While Marilyn was deep into her favorite sport — shopping — I discovered the iron cowboy. There he was, sitting on the fence.
Watering his horse. Wizened from the sun, dusty from the desert. Stolid against the perils of the trail, impervious to thirst and heat.
The rain was closing in and sunset was near. Time to hit the long and dusty trail.
I do not know what a wish looks like, though I think it might look like a rising sun over a glassy harbor. Beggar that I am, I wish for a horse to ride and one more.
Gentle, well-school mounts so Garry and I can ride together again. And, I wish all of us the best life can give us — many sunrises on the shores of bright summer days.
I grew up yearning for a horse and devoured any book about them. My favorites books were the Walter Farley’s Black Stallion series. I probably read the book so many times its cover fell apart.

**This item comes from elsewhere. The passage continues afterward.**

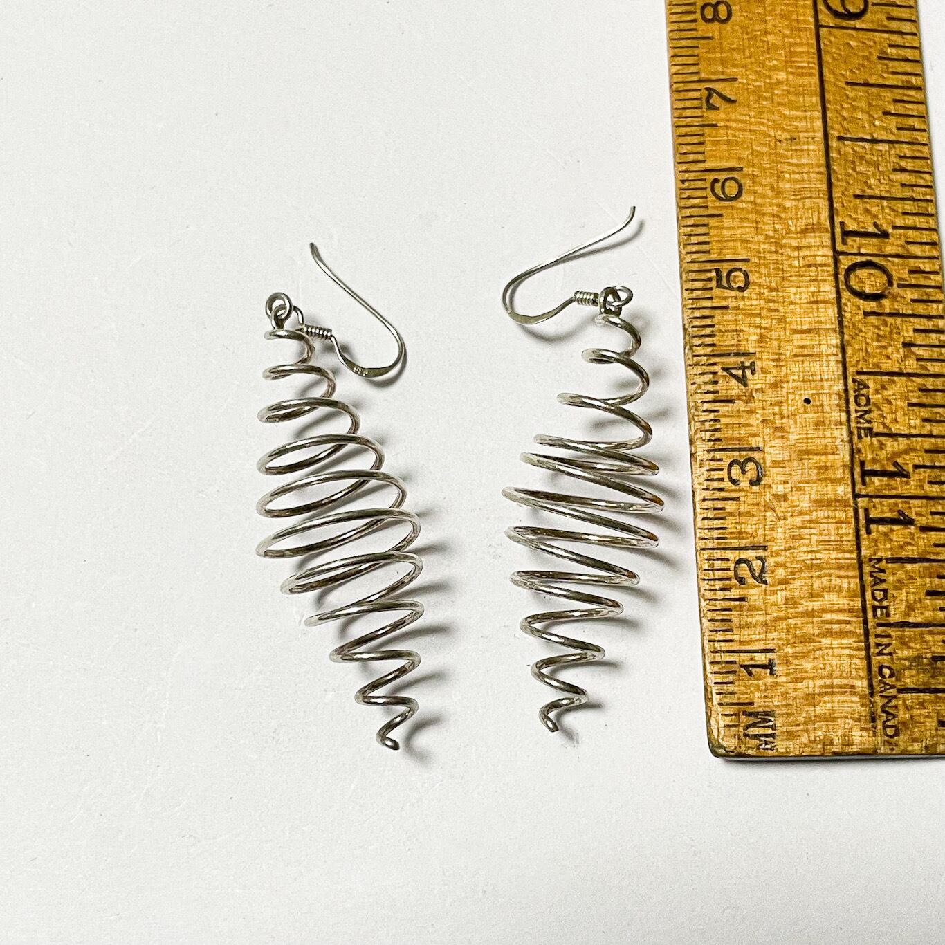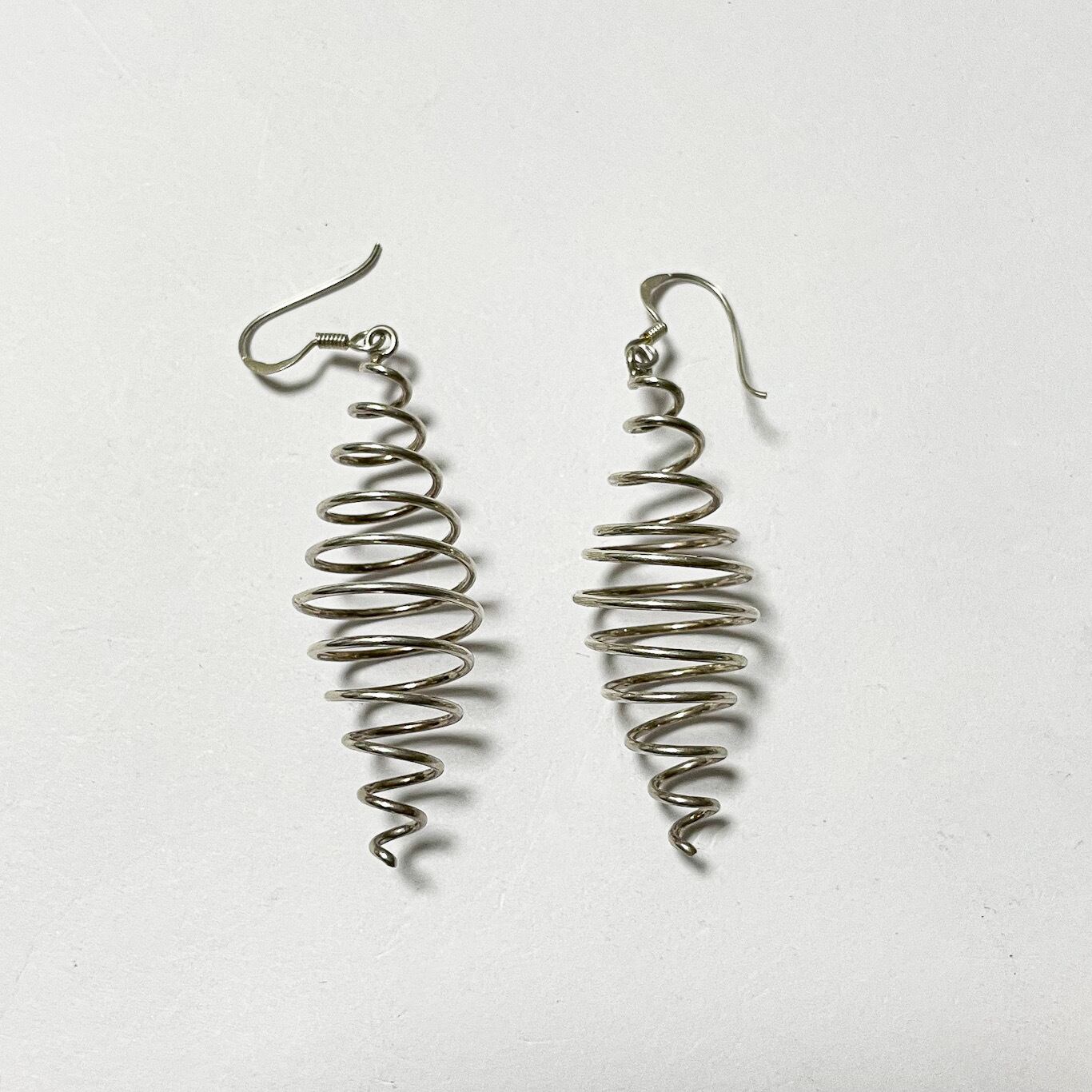 925シルバーのコイルピアスです。 コイル状のデザインが個性的で可愛いです。 フック部分に925の刻印が確認できます。 コイル部分も925シルバーです。 こちらハンガリーの蚤の市で見つけたものですが、恐らく近年ものだと思われます。 Weight*約5.2g Size*画像にてご確認下さい。 Condition*特に目立つダメージや汚れはなく良い状態です。 あくまで年代物ですので神経質な方や新品の様なものをお求めの方はご購入をお控え下さいませ。

All through my childhood, Walter Farley wrote a steady stream of new Black Stallion books — and I read every one of them. About his colts and fillies. About Alec Ramsey, who grew from a teenage boy to a man in the course of the series. Of Henry Daily, the old horse trainer whose career is revived by his accidental encounter with Alec and The Black. Many stories, as the years went on, were about the racing stable Alex and Henry build in upstate New York for which The Black was the founding stud. To this day, I know more about horses and horse racing than most people … because Walter Farley told me all about it in book after book.
Throughout my young years, I wished they would make The Black Stallion into a movie. I wanted to see The Black, to see Alec ride him. To see him come from behind and become the greatest horse to ever run on a track. I was bewitched by horses and was convinced I would need nothing else in this life if I had a horse.
Oddly, the great Secretariat’s real accomplishments — winning the Triple Crown in 1973 — remarkably mirrored those of the fictional Black. Watching Secretariat’s career — in the real world — made up for never having seen The Black race.
I never got a horse. Gradually real life overtook my fantasy life. College, work, husband, baby, home, friends replaced dreams of riding bareback on the greatest stallion of them all.
But the magic wasn’t over me because in 1979, Francis Ford Coppola made the movie I’d yearned for since childhood. He based the movie, The Black Stallion, on the first of Walter Farley’s Black Stallion books, the one he wrote in 1941. In making the movie, they changed the story some. This would have made me crazy as a kid, but by the time I saw the movie — in an old theater in Jerusalem, Israel — I was a 30-year-old mother living overseas and able to cope with relatively minor digressions from the original tale.
Last week, Turner Classic Movies showed “The Black Stallion.” So, of course, we watched it again. I’ve seen it many times. Each is seeing it for the first time.
I am swept away to a desert island for the adventure of a lifetime. Even if you aren’t a great horse lover, the score and the cinematography are so extraordinary, the movie is like a dream. They set the story in its original time period, the early 1940s which helps augment the dreamlike effect.
I want to be on that island with The Black. To ride him along the edge of the ocean, free from everything but the sun, the wind, the sand beneath my horse’s pounding hoofs. I would give a lot for just one day to live that dream.
“The Black Stallion” is a paean to horses, nature, and overcoming adversity. You don’t have to be a kid to love it. It also contains the least dialogue of any movie since the talkies took over Hollywood.
Director Carroll Ballard tells the story with luscious cinematography and a lovely soundtrack. Music fusing with images that wrench your heart.